Fiddling with learning all this ("ah, so that's what the fuss about Cisco has been all about, I never even understood what they did before!"), I have to laugh at my friend Bob who's so un-tech-savvy that he still hasn't yet mastered the concept of how to work a mouse. He wants to hold it in the air and click it at the computer like a remote control for a television. So far he's taken over forty hours of a job-retraining computer course ("Introduction to Windows") and at this point the only things I am sure he is comfortable about are being able to turn the computer on and then afterwards put it to sleep.

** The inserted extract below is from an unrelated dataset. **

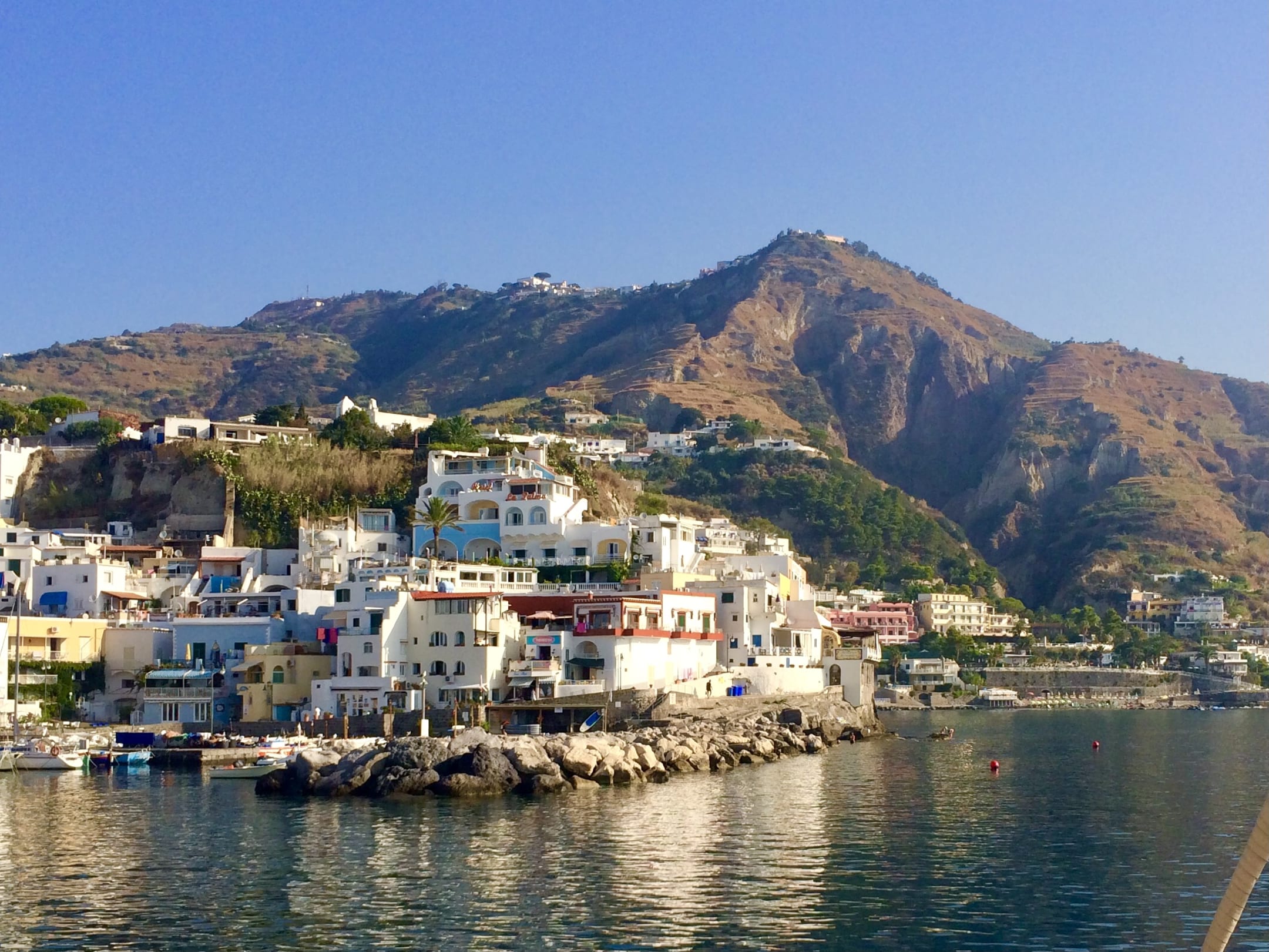 San‘t Angelo vom Meer aus. Rechts am Hang das Casa Rosa

I'm not sure he can find a site on the Internet. The teacher ended up kicking him out of the course, because, she said, he missed too many classes. He missed two. I think she just wanted an excuse to get rid of him.

I said, "What are you doing wasting time with that, a Windows course?" I've told him he could come to my house or office and I would take an hour to teach him all he needed to know. "In ten minutes, I'll have you preparing written documents in Microsoft Word and in another ten, I'll have you putting together Excel spreadsheets. Those are the things you need to know for the job, not an overview of the computer's operating system." Until he lost his job a year ago, he spent the last twenty years managing the office of a small firm and did everything on an electric typewriter. He's definitely no dummy, but he just thinks of computers as complicated and as frightening as the cockpit of a 747. I've said, "All the 9/11 terrorists needed to know in order to crash two 747s into the World Trade Towers were how much to pull the stick back while turning the plane to the right or left (so that they stayed at the same altitude instead of descending during the turns) and then how far to push it forward in order to make the plane gently descend to tower-crash level. You don't have to be setting up mail-merge files or creating complicated function formulas on linked spreadsheets in order to get the kind of job you are looking for, so my 'terrorist' computer lessons wouldn't get you a 'pilot's instrument rating' but you'll still be able to get the job done." But when I say things like that, I am sure he has a mental image of a computer bursting into flames when his new boss asks him to type a letter. Press "control alt delete" and he becomes a suicide bomber.